--- Input records Enclosed Below ---

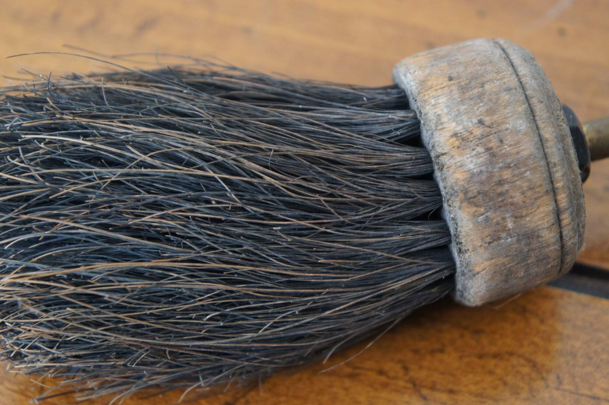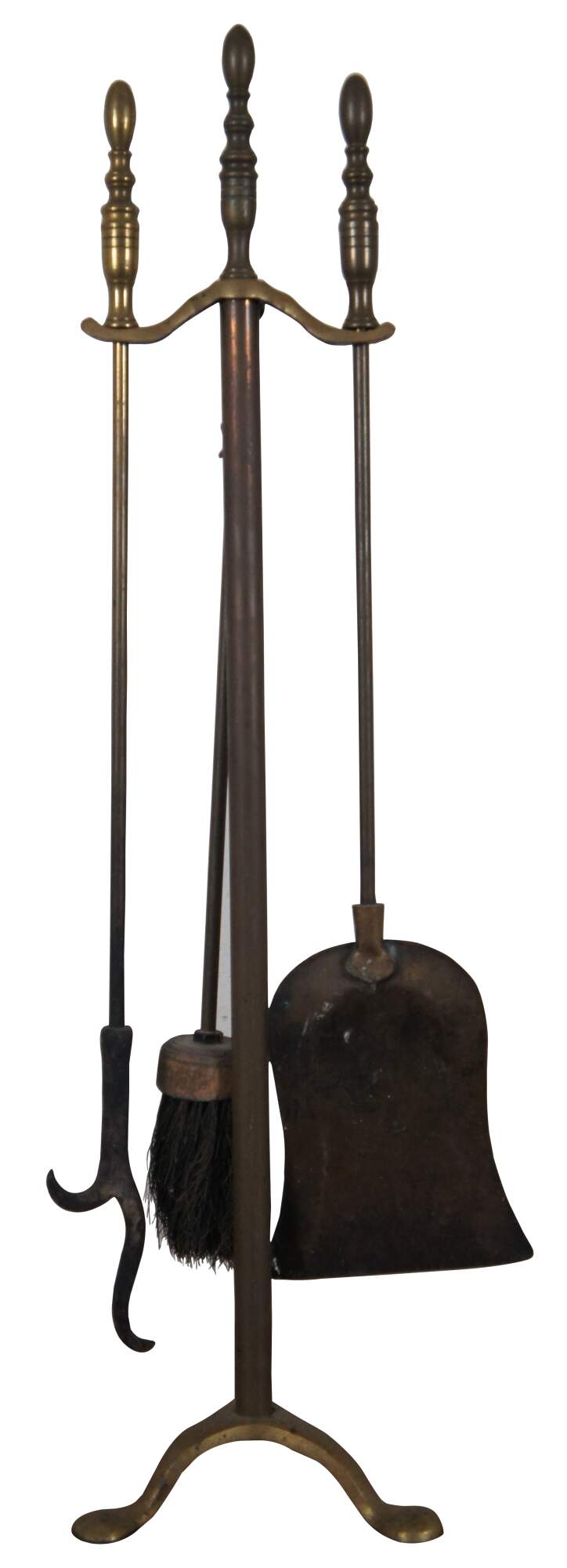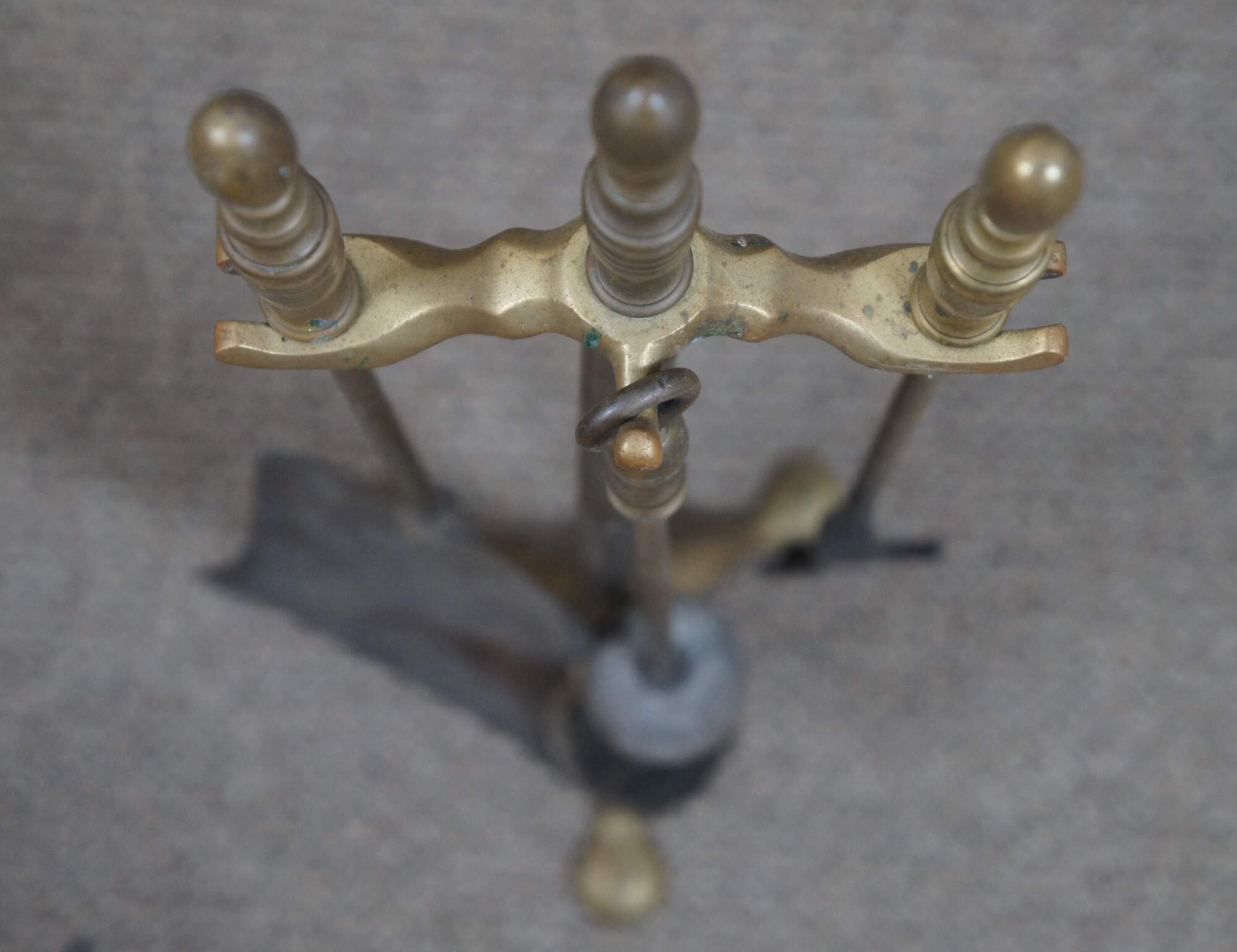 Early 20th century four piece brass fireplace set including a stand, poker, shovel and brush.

--- End of Enclosed Input records ---
--- Input records Enclosed Below ---

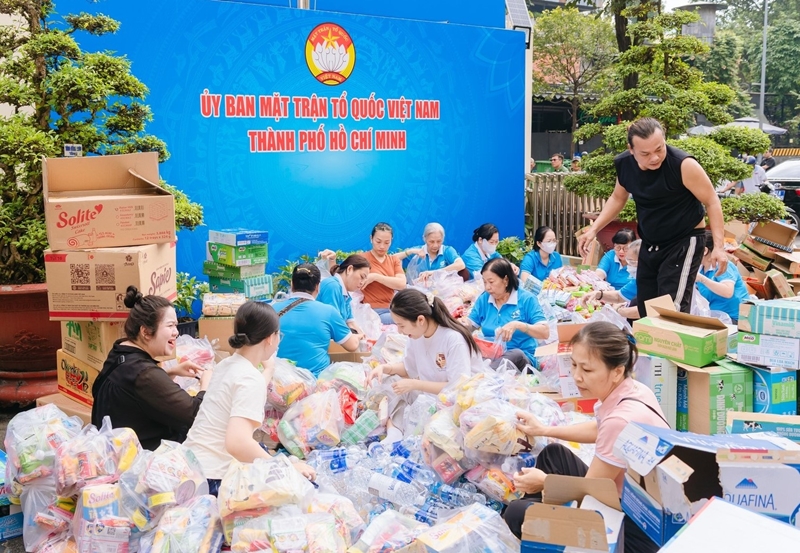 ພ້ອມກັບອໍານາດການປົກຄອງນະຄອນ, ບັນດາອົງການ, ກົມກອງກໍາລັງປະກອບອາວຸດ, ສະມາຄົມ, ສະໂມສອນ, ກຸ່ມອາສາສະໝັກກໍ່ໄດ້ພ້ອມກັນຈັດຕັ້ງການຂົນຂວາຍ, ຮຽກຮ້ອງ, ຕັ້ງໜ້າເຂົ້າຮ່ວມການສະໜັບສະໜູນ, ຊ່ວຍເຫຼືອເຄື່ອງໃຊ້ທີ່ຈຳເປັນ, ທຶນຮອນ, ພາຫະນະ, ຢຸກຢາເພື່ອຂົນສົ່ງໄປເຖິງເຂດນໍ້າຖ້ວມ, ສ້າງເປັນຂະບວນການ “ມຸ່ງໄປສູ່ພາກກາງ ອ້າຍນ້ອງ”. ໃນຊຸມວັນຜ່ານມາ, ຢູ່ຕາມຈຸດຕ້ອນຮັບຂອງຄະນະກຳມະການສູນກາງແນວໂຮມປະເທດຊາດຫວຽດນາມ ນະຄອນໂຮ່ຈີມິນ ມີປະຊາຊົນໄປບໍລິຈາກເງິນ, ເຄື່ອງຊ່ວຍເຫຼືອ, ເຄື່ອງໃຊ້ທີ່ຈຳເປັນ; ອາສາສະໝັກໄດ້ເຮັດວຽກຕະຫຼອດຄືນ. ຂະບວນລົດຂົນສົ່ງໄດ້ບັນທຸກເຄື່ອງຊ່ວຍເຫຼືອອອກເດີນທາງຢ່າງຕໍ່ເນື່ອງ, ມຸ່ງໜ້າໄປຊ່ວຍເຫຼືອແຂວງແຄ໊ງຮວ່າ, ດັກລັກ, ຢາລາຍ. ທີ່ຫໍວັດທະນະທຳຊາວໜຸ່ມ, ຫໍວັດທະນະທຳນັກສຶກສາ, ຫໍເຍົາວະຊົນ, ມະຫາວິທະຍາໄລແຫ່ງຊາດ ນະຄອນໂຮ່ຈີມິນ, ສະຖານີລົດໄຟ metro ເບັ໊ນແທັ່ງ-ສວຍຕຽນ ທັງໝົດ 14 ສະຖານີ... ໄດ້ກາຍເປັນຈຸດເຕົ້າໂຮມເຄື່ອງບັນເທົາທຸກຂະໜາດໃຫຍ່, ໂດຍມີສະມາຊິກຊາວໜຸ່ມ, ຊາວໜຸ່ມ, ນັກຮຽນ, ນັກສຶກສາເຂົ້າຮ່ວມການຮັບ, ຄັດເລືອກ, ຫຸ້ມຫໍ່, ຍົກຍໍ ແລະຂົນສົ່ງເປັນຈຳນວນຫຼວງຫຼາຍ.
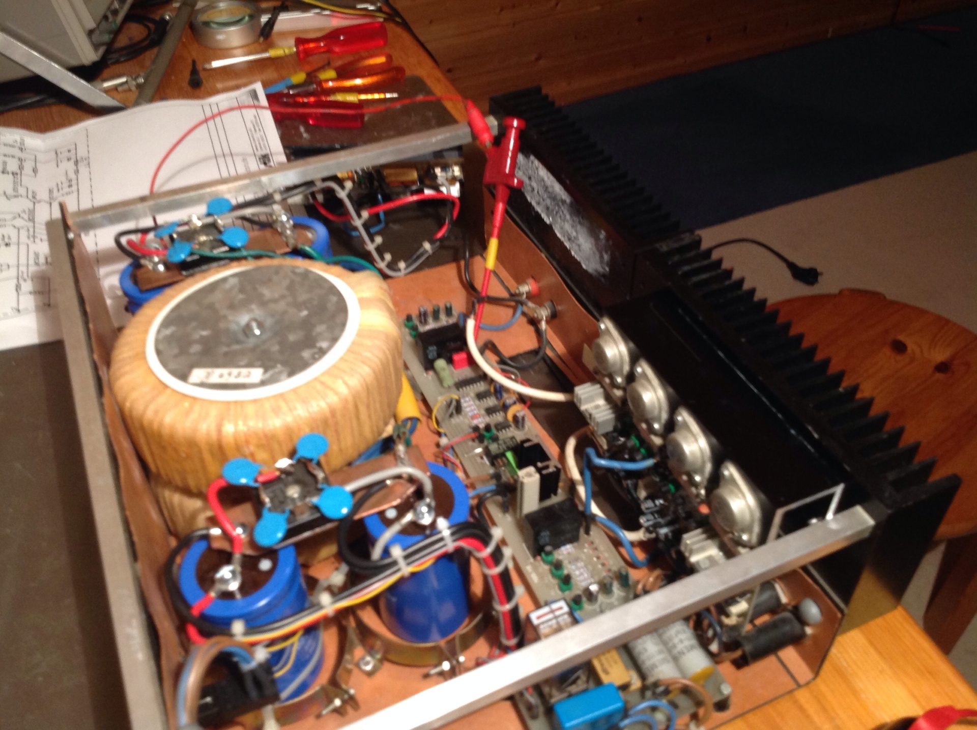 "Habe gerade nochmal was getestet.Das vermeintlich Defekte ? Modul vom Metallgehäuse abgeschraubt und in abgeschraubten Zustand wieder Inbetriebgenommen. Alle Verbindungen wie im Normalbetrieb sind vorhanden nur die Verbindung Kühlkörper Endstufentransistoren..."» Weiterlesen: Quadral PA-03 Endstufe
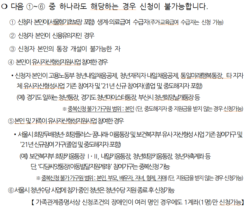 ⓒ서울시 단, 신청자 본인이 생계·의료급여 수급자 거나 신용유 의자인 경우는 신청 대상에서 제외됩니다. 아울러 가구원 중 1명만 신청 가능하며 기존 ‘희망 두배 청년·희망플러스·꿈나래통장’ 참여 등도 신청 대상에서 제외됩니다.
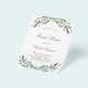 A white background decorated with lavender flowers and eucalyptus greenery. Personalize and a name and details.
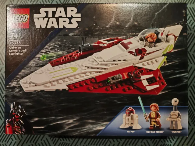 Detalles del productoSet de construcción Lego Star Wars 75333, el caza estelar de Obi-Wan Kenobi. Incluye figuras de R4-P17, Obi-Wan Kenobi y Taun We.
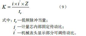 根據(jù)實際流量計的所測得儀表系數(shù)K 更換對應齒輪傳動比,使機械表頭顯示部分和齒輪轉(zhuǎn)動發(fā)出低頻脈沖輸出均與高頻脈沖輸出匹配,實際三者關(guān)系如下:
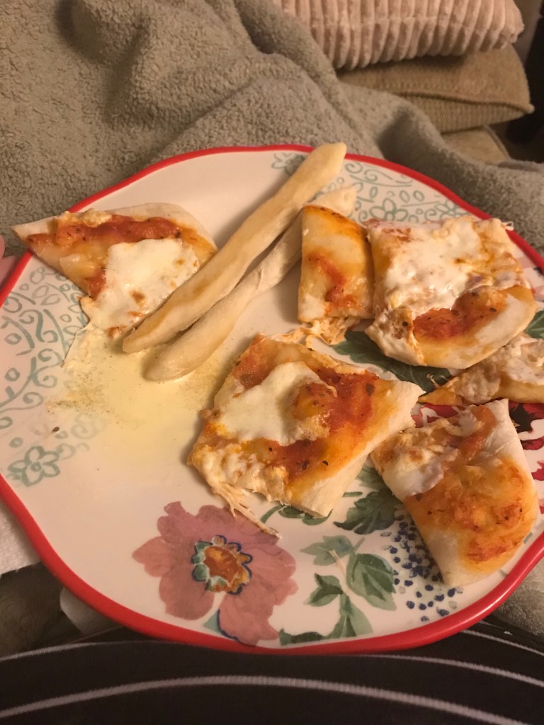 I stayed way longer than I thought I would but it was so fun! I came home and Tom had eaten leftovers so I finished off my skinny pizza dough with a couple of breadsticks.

--- End of Enclosed Input records ---
--- Input records Enclosed Below ---

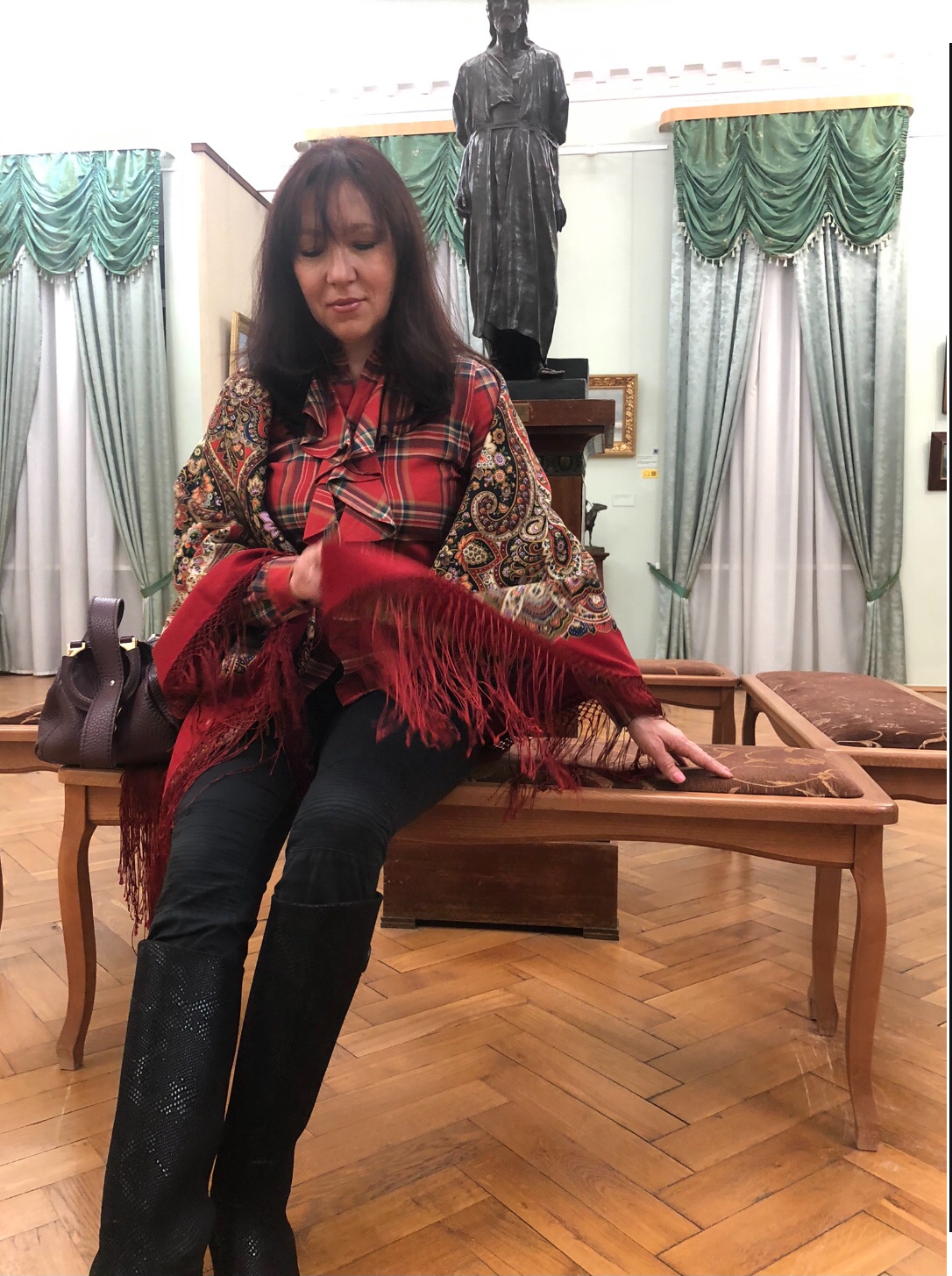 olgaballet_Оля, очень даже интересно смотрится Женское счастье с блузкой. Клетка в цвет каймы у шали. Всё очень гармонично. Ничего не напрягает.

--- End of Enclosed Input records ---

• _Brief_
Exact copy, no pictures. Write out the lines in the entries above, starting with the line with "Detalles del productoSet" and going on through the line with "根據(jù)實際流量計的所測", keeping both.

• _Solution to this exercise_
 Detalles del productoSet de construcción Lego Star Wars 75333, el caza estelar de Obi-Wan Kenobi. Incluye figuras de R4-P17, Obi-Wan Kenobi y Taun We.
 根據(jù)實際流量計的所測得儀表系數(shù)K 更換對應齒輪傳動比,使機械表頭顯示部分和齒輪轉(zhuǎn)動發(fā)出低頻脈沖輸出均與高頻脈沖輸出匹配,實際三者關(guān)系如下:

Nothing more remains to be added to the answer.